Retype every line of the data below, starting with the first and ending with the line that contains "displays only one", but leave out the pictures.

◆ INFORMATION SHOWN:

__________

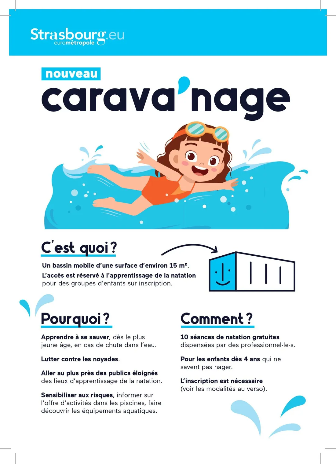 A la rentrée de septembre, ce projet pédagogique sera complété par une offre d’éveil aquatique destinée aux 4-6 ans dans toutes les piscines couvertes de l’Eurométropole.
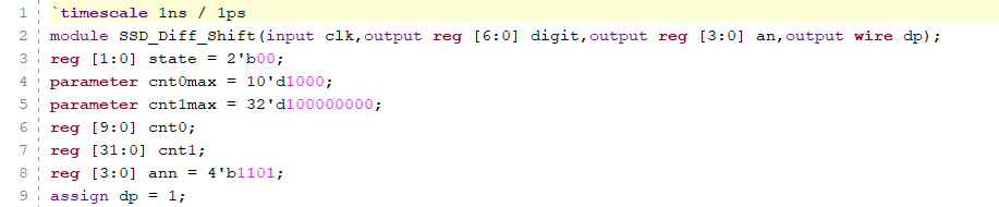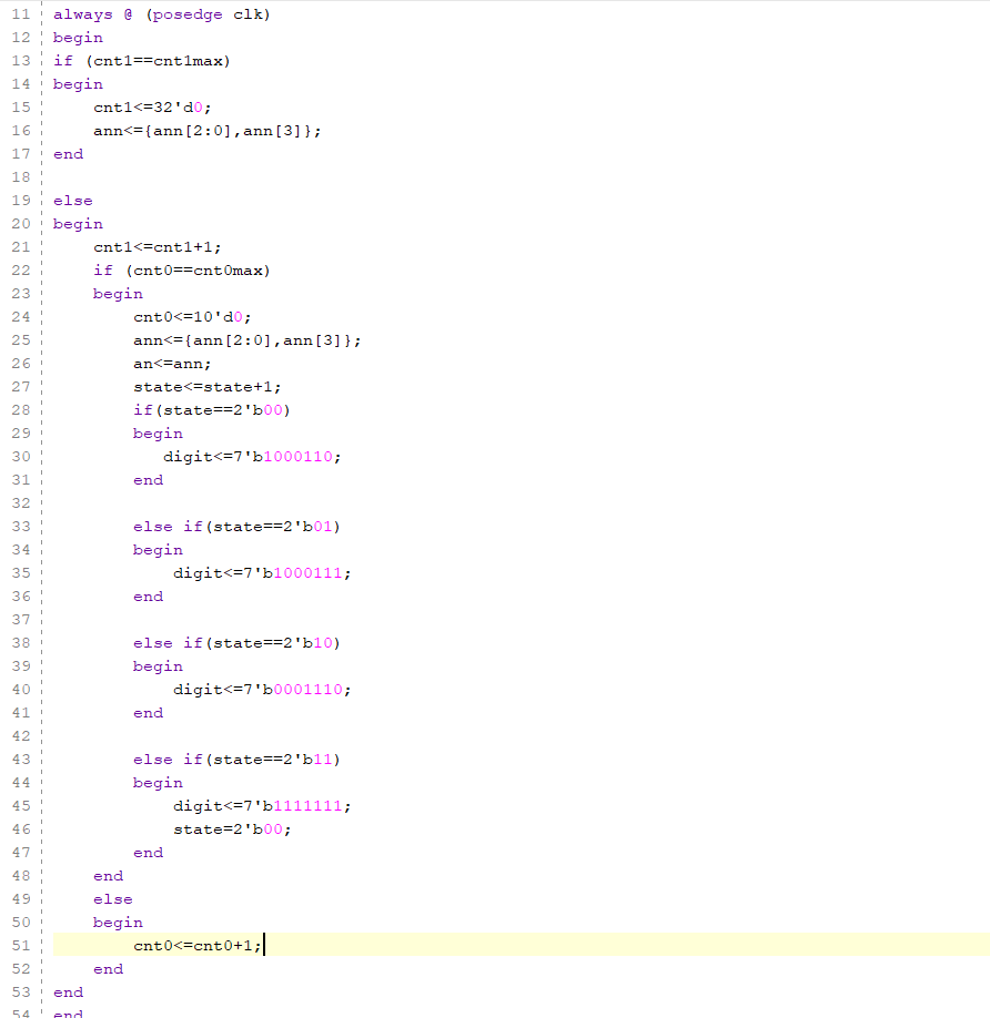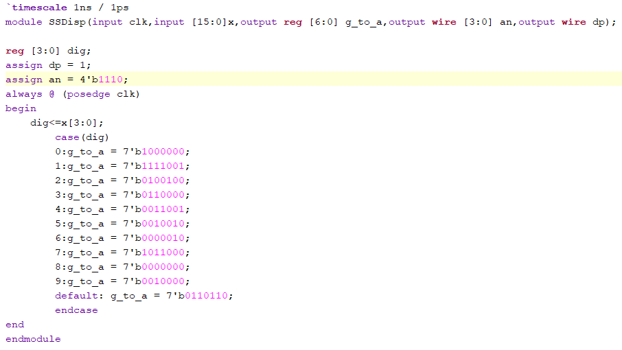 displays only one is needed. This was done simply by changing the an value from 4'b0000 to 4'b1110. Figure 11: Seven-segment single display code.
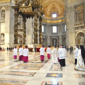 Dans le cadre d’une conférence liturgique qui s’est tenue à Rome ces derniers jours, plusieurs responsables d’Églises catholiques de rite oriental ont eu l’occasion de célébrer à l’autel de la chaire de Saint-Pierre. Cette conférence était organisée par la Congrégation pour les Églises Orientales à Rome du 16 février au 18 février 2022 à Rome afin de commémorer le vingt-cinquième anniversaire des « Instructions pour l’application des prescriptions liturgiques du Code de Canons des églises orientales » (1996). Ce texte parle non seulement de l’identité liturgique, mais aussi du nécessaire rôle « mystagogique » de la liturgie dans ces Églises orientales. On pouvait donc y entendre de belles mélodies traditionnelles, comme on peut le constater avec cette vidéo .
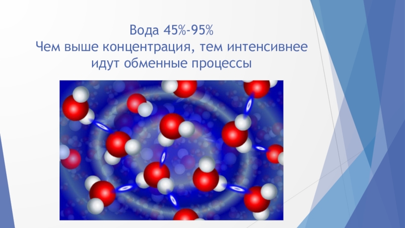 Слайд 30Вода 45%-95% Чем выше концентрация, тем интенсивнее идут обменные процессы

__________

◆ EXERCISE RESULT:
 A la rentrée de septembre, ce projet pédagogique sera complété par une offre d’éveil aquatique destinée aux 4-6 ans dans toutes les piscines couvertes de l’Eurométropole.
 displays only one is needed. This was done simply by changing the an value from 4'b0000 to 4'b1110. Figure 11: Seven-segment single display code.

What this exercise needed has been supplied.